Telemarketing involves calling customers to promote your products or services. It is still used to great effect by companies both large and small. It can be very effective in delivering sales if planned and executed properly.

Why should you use it?
It is often used by companies that have an existing relationship with a customer, especially if they have bought something or have subscribed to a product or service, with the opportunity to cross-sell and upsell from an existing package. Typical companies using telemarketing are BT, O2, the AA and charities.

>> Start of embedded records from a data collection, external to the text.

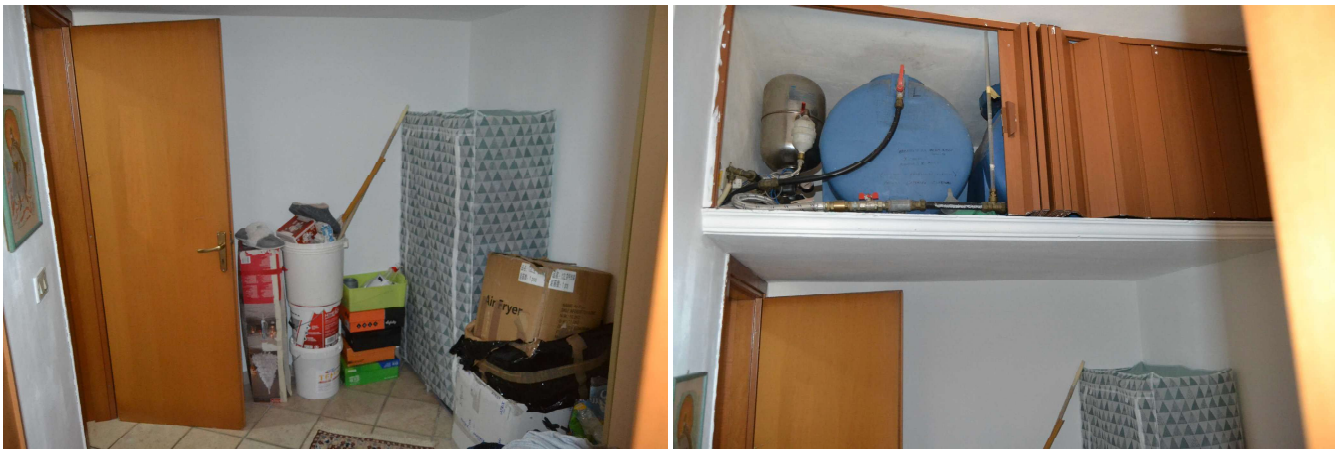
Figura 12 – ripostiglio di passaggio tra camera da letto e servizio
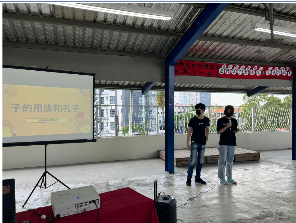
多明尼加臺灣商會附屬中文學校2022年海外漢字文化節之漢字說故事4
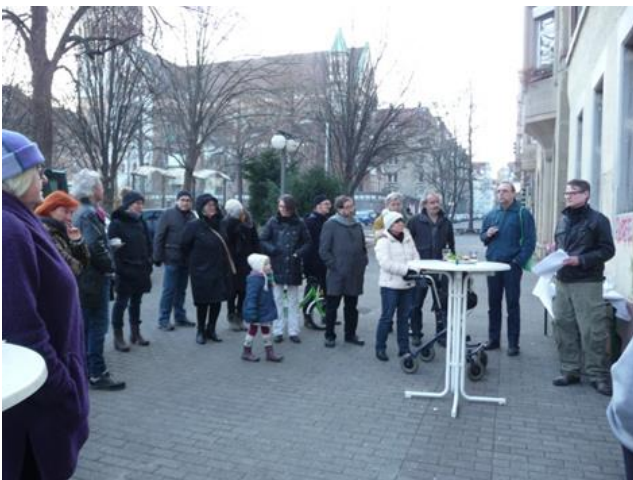
Platzgespräche Januar 2017

In 2016 standen an sieben Samstagen spannende Themen wie „Stuttgart reißt sich ab“ oder „Stuttgarter Westen - barrierefrei und inklusiv?“ auf der Agenda. Die Ergebnisse der Erkundung von Bismarckplatz und Elisabethen-Anlage aus Sicht von Menschen mit Behinderungen wurden in einem Bericht festgehalten und den Planern, die sich mit der Neugestaltung von Bismarckplatz und Elisabethen-Anlage befassen, zur Verfügung gestellt.
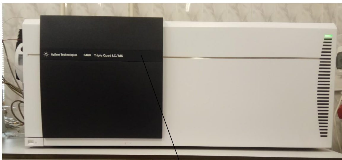
Место нанесения знака поверки
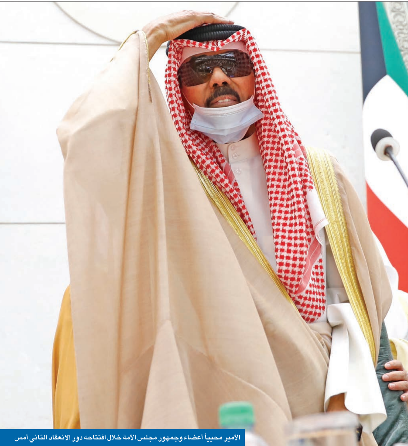
الأمير محيياً أعضاء وجمهور مجلس الأمة خلال افتتاحه دور الانعقاد الثاني أمس

الغانم: لا نكابّر... أخطأنا جميعاً من دون استثناء ● «الاستقرار السياسي لا يعني التحصين أو عدم المحاسبة بل الاستخدام الحصيف للأدوات الدستورية» ● «جربنا التصارع وأضعنا الوقت واستنزفنا الكثير من الطاقات فماذا جئنا؟!»
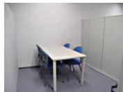
商談打合せスペース (3 ブース)

Telemarketing can be especially useful for complex products and services that benefit from being explained in detail from an employee to a prospect or existing client. This way, questions can be answered immediately.

When should you use it?
It is very useful to map out the customer journey and find where telemarketing could best fit into your marketing strategy. Testing can help refine the timings and approach used. Avoid telemarketing at key times like primetime TV viewing and meal times.

Things to consider:

  • Consider the stages of the sales journey where telemarketing might be most effective
  • How much time the call will take – a script is often produced to refine the message and keep the call as short as possible
  • Ensure staff is fully trained to record and answer any questions and follow legislation. As this is quite an intrusive method of communication there are strict laws governing the use of it
  • Apply technology to speed up the process such as address collection

Join the discussion

Telemarketing has had negative connotations in the past. What are some ways that organisations can ensure potential customers do not have a bad experience during a telemarketing call? Write your ideas below.

Use the discussion section below and let us know your thoughts. Once you’re happy with your contribution, click the “Mark as Complete” button to check the Step off, then you can move to the next step.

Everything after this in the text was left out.